Humans acquire knowledge through three cognitive stages: perceiving information, comprehending knowledge, and adapting knowledge to solve novel problems. Videos serve as an effective medium for this learning process, facilitating a progression through these cognitive stages. However, existing video benchmarks fail to systematically evaluate the knowledge acquisition capabilities in Large Multimodal Models (LMMs). To address this gap, we introduce Video-MMMU, a multi-modal, multi-disciplinary benchmark designed to assess LMMs' ability to acquire and utilize knowledge from videos. Video-MMMU features a curated collection of 300 expert-level videos and 900 human-annotated questions across six disciplines, evaluating knowledge acquisition through stage-aligned question-answer pairs: Perception, Comprehension, and Adaptation. A proposed knowledge gain metric, Δ_knowledge, quantifies improvement in performance after watching the relevant video lectures. Evaluation of LMMs reveals a steep decline in performance as cognitive demands increase and highlights a significant gap between human and model knowledge acquisition, underscoring the need to enhance LMMs' capability to learn and adapt from videos.

Overview

We introduce Video-MMMU, a multi-modal and multi-disciplinary video benchmark that evaluates LMMs' knowledge acquisition capability from educational videos.

1) Video as a Knowledge Source:
Traditional VideoQA benchmarks focus primarily on evaluating how well models interpret visual content. Video-MMMU is the first to treat videos as a source of knowledge, assessing how effectively LMMs acquire knowledge from educational videos. Our dataset comprises 300 lecture-style, college-level videos spanning 30 subjects in 6 professional disciplines: Art, Business, Science, Medicine, Humanities, and Engineering.

2) Knowledge Acquisition-based Question Design:
Each video includes three question-answer pairs aligned with the three knowledge acquisition stages: Perception (identifying key information related to the knowledge), Comprehension (understanding the underlying concepts), and Adaptation (applying knowledge to new scenarios).

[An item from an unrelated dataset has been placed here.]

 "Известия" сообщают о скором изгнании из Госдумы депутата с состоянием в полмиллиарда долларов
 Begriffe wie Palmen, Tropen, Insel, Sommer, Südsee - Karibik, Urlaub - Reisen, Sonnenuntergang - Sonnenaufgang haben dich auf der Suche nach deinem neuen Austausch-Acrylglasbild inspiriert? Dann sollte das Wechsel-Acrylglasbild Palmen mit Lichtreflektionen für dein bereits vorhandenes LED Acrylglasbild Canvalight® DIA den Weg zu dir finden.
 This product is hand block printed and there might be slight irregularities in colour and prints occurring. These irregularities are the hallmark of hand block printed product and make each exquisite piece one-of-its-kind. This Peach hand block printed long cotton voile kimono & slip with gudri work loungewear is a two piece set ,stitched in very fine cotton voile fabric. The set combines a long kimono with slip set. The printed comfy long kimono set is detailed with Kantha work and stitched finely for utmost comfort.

3) From Absolute Performance towards Learning Efficiency: Δ_knowledge
A key novelty of Video-MMMU is that it evaluates not only a model's final accuracy but also its delta accuracy—the improvement in performance after learning from a video. A model may initially fail to solve an MMMU-style exam question, but we give the model a video where a human learner could learn to solve the question by watching the video. Video-MMMU tests how well LMMs improve their performance after watching the videos. Video-MMMU introduces Δ_knowledge to quantify the model's learning gain from the videos. Δ_knowledge is defined as the normalized performance gain on the Adaptation track questions:

Δ_knowledge = (Acc_{after_video} - Acc_{before_video}) / (100% - Acc_{before_video}) × 100%

Key Insights:

1) Progressive Performance Decline:
Model performance decreases as cognitive demands increase. While models perform relatively better on perception tasks, their accuracy drops notably on comprehension tasks and declines further on adaptation tasks.
2) Knowledge Acquisition from Videos is Challenging:
The knowledge acquisition metric Δ_knowledge reveals a significant gap between human and model performance. While humans achieve substantial improvement (Δ_knowledge = 33.1%) after watching the videos, even the top-performing models show smaller knowledge gains (GPT-4o: Δ_knowledge = 15.6%, Claude-3.5-Sonnet: Δ_knowledge = 11.4%).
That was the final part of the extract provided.